Monday night the House passed, 390-12, a bill to reauthorize for five years the Animal Drug User Fee Act (ADUFA) and the Animal Generic Drug User Fee Act (AGDUFA). The House took up the measure (S. 622) approved by unanimous consent in the Senate May 8.
First enacted in 2003, ADUFA and AGDUFA allow the U.S. Food and Drug Administration to collect fees from animal health companies for the review and approval of animal health products, including ones for farm animals and pets. The fees supplement the agency’s annual congressionally-approved appropriations and have enabled FDA to dramatically reduce its review time for new animal drugs, bringing medications to market more quickly while maintaining high standards for safety and effectiveness.

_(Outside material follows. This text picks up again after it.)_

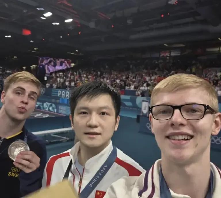樊振东(中)、莫雷加德(左)和F·勒布伦在巴黎奥运会上的合影。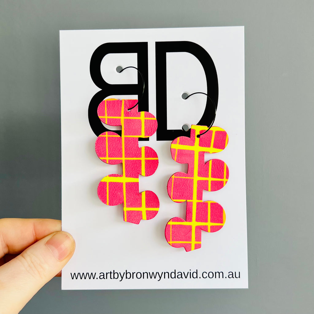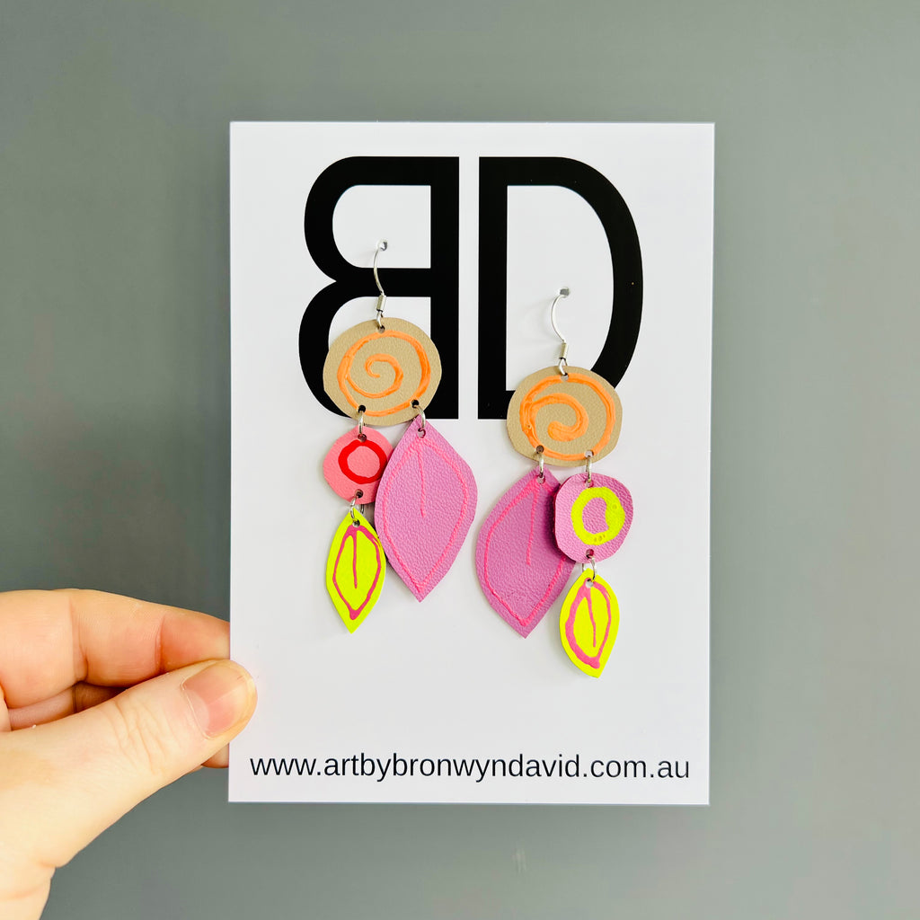 Bronwyn is a contemporary Indigenous artist who turns her paintings into wearable art. Using acrylics, mixed media and leather, her earrings and accessories celebrate ancestry, land and waterways - each piece a vibrant, textured work that makes a statement and adds cultural meaning to your collection.

The legislation was approved without amendments. Opponents of modern livestock production had threatened to offer provisions to restrict from use in food-animal production certain antibiotics and to require reporting of on-farm uses of animal health products. [FDA already collects antibiotics sales data, which a number of groups have misused in efforts to blame animal agriculture for the rise of antibiotic-resistant illnesses in people, the National Pork Producers Council said in a statement.
“We want to commend the leadership on both sides of the aisle in the Senate and House for approving this important legislation,” said NPPC president Randy Spronk, a pork producer from Edgerton, Minn. “The laws will help ensure that pork producers have access to products that keep our pigs healthy and our products safe and wholesome.”
“NPPC thanks Sens. [Tom] Harkin and [Lamar] Alexander and Reps. [John] Shimkus, [Fred] Upton, [Joe] Pitts and [Cory] Gardner for making sure this was a ‘clean’ bill,” Spronk said. “They understood that limiting our ability to keep our animals healthy and burdening producers with paperwork wasn’t going to help us produce safe food or add to the knowledge base about the important issue of antibiotic resistance.”